Give the lines again exactly as they appear below, from the line with "PALU – Celebesta.com, Beberapa" to the line with "In this note", both included, and only those lines. Leave every picture out.

** EXERCISE MATERIALS **
□ □ □

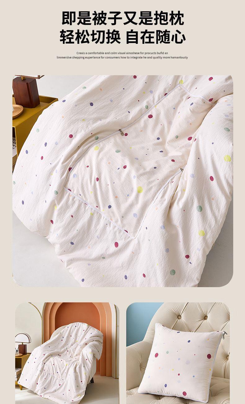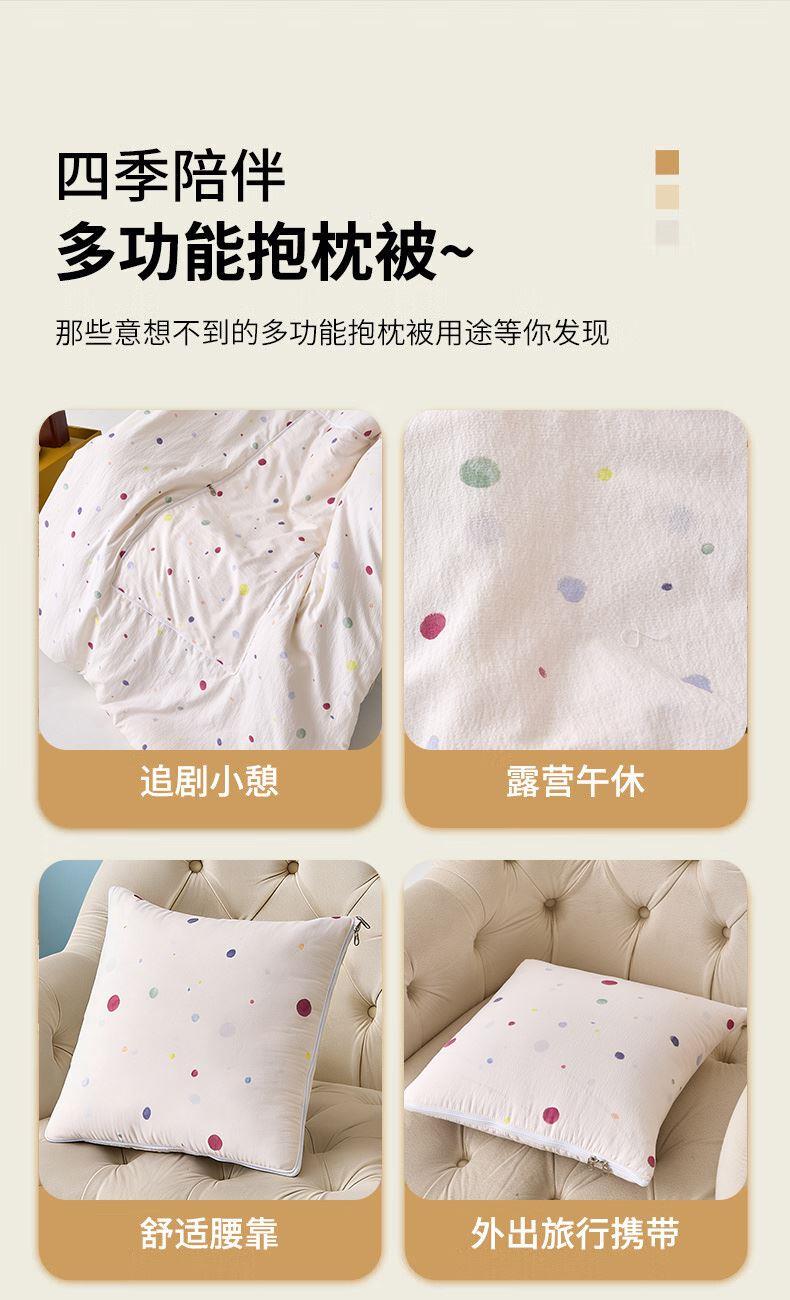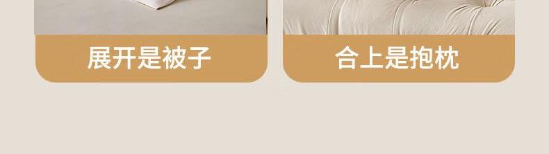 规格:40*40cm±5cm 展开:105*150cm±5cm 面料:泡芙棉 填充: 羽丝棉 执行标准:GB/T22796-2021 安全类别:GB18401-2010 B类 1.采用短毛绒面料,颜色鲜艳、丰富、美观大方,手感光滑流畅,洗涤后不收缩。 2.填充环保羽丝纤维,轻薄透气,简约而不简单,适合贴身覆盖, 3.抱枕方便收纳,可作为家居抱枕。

□ □ □

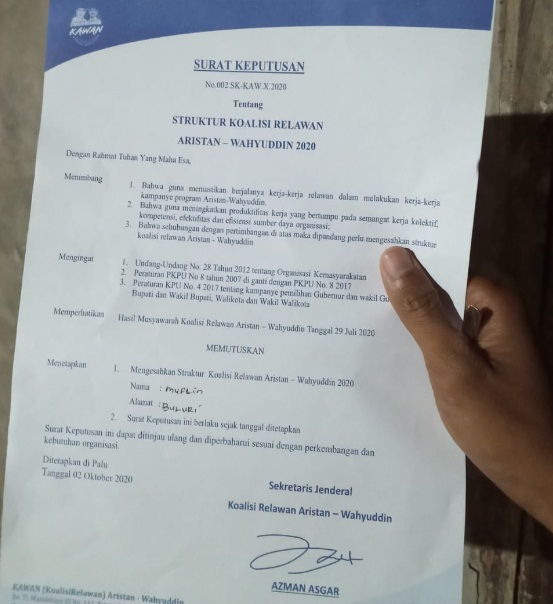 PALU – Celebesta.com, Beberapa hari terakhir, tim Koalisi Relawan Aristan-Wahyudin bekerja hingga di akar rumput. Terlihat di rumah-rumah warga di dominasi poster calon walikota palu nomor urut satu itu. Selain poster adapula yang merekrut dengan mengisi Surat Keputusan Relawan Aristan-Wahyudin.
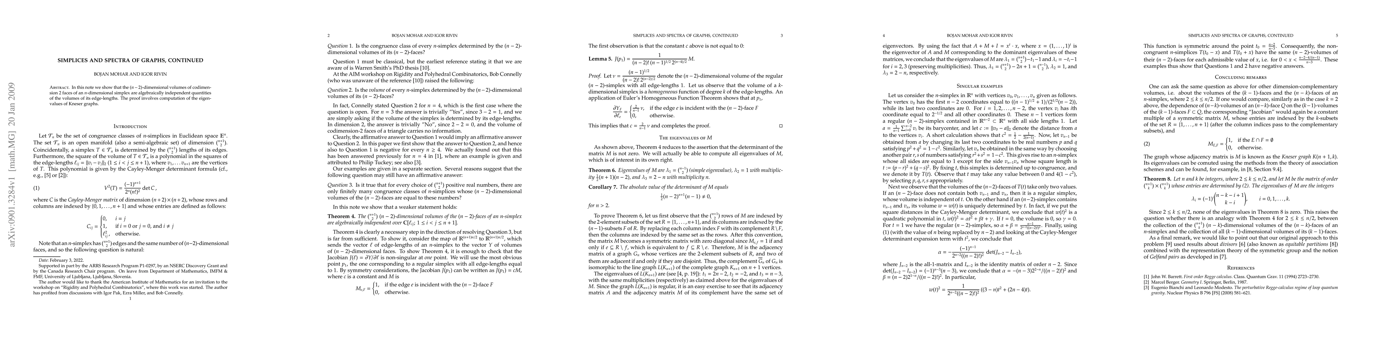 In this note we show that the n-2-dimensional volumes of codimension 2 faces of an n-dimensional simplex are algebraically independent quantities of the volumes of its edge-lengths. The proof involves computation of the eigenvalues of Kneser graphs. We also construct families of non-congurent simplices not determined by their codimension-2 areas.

□ □ □

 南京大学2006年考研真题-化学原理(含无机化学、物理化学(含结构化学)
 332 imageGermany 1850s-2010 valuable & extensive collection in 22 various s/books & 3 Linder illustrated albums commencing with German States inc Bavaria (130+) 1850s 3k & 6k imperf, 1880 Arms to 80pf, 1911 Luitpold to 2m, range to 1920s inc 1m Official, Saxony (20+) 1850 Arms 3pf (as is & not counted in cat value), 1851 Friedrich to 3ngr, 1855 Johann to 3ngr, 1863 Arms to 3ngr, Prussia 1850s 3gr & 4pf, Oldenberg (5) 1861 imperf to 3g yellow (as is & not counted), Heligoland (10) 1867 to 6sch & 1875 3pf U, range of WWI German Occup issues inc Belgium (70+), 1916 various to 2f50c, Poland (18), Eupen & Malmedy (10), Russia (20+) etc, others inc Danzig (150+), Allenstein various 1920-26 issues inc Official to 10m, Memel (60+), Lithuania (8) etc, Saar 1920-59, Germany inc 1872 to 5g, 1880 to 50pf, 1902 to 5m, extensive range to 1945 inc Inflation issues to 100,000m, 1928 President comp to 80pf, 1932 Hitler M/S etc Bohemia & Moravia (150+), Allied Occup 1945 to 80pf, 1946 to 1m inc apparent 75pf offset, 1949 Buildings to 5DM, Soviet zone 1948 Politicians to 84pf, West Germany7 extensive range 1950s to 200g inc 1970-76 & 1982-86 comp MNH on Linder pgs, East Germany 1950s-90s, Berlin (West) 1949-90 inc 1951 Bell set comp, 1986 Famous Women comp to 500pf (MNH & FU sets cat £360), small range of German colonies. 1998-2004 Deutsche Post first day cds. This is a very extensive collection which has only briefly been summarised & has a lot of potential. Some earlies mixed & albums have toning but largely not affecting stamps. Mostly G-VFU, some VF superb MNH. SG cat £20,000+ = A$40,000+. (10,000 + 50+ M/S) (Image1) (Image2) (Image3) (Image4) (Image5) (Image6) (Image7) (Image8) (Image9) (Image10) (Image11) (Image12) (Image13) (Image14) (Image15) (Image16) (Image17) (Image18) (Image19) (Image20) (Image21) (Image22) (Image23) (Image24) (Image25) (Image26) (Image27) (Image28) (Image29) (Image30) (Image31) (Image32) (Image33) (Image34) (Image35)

□ □ □

** WRITTEN RESPONSE **
 PALU – Celebesta.com, Beberapa hari terakhir, tim Koalisi Relawan Aristan-Wahyudin bekerja hingga di akar rumput. Terlihat di rumah-rumah warga di dominasi poster calon walikota palu nomor urut satu itu. Selain poster adapula yang merekrut dengan mengisi Surat Keputusan Relawan Aristan-Wahyudin.
 In this note we show that the n-2-dimensional volumes of codimension 2 faces of an n-dimensional simplex are algebraically independent quantities of the volumes of its edge-lengths. The proof involves computation of the eigenvalues of Kneser graphs. We also construct families of non-congurent simplices not determined by their codimension-2 areas.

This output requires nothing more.